The Business Rates Burden on local businesses in Birmingham has been steadily growing over the last 30 years with a detrimental impact across the sectors. In the Birmingham City Council Metropolitan area, business rates contribute £450 million per annum (19/20) out of a total of £3.1 billion to the local budget. This burden is spread across all non-domestic premises located within Birmingham.
Business rates have become an increasing proportion of outgoings for most businesses. From a rate in the £ in 1990 of £0.34 to above £0.50 today and every chance that by 2021 the multiplier will be closer to £0.55, and subject to inflation approaching £0.60 in the next few years. This is a doubling of the tax burden over the last 30 years. While the Government of all persuasions will point to reliefs given to small businesses, the majority of people employed in this City are based in properties which do not get small business relief and therefore those jobs are most at risk when businesses decide to close premises because of the burden.
The retail sector in the City makes up approximately 28% of the total of £450 million while the pub and restaurant sector makes up approximately 7%. Given the amount of warehouse and industrial space in and around Birmingham, it is not unsurprising that the industrial and warehouse sector accounts for 22% of that total while offices account for 22% also.
The impact of business rates on the retail sector has been widely publicised with several of the bigger retail chains vociferous about their business rates burdens, which have added to their other rising costs.
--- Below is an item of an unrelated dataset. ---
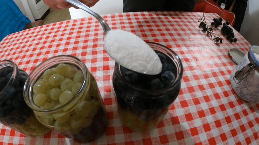 В каждую банку кладем по 1 столовой ложке сахара, а затем закручиваем крышки. Добавление сахара обязательно, даже если виноград сладкий. Сахар в данном случае используется в качестве консерванта. Добавлять его можно и на дно банки перед закладкой ягод.

The 2017 Revaluation has meant some have been hit by high, unsustainable rises – others are suffering from the four -year phasing of downwards reductions, meaning many businesses are paying more than they should be. This together with the impact of increased competition from online retail, has resulted in a wave of store closures, job losses and CVAs across the sector. Birmingham has not been immune.
Business rates have also been a factor for other sectors. They are a major factor in the lack of speculative development both in the office and industrial/warehouse sector which a bank is unlikely to fund unless a developer has either very deep pockets or a tenant signed up to take the space on completion. The change in empty rates since 2008 resulting in a charge of 100% of the rates bill on empty properties following a grace period of 6 or 3 months will mean the yield profile and the profit from a commercial undertaking will disappear very quickly unless mitigation strategies are introduced if a tenant cannot be found.
Business rates, a common feature of commercial property for centuries which have been paid, if not willingly, but without any great concern, have now therefore become such a burden that they are put into the equation on the decision on whether properties should be occupied, vacated or even constructed. At a 50% plus tax, this is not surprising- but is a ridiculous situation.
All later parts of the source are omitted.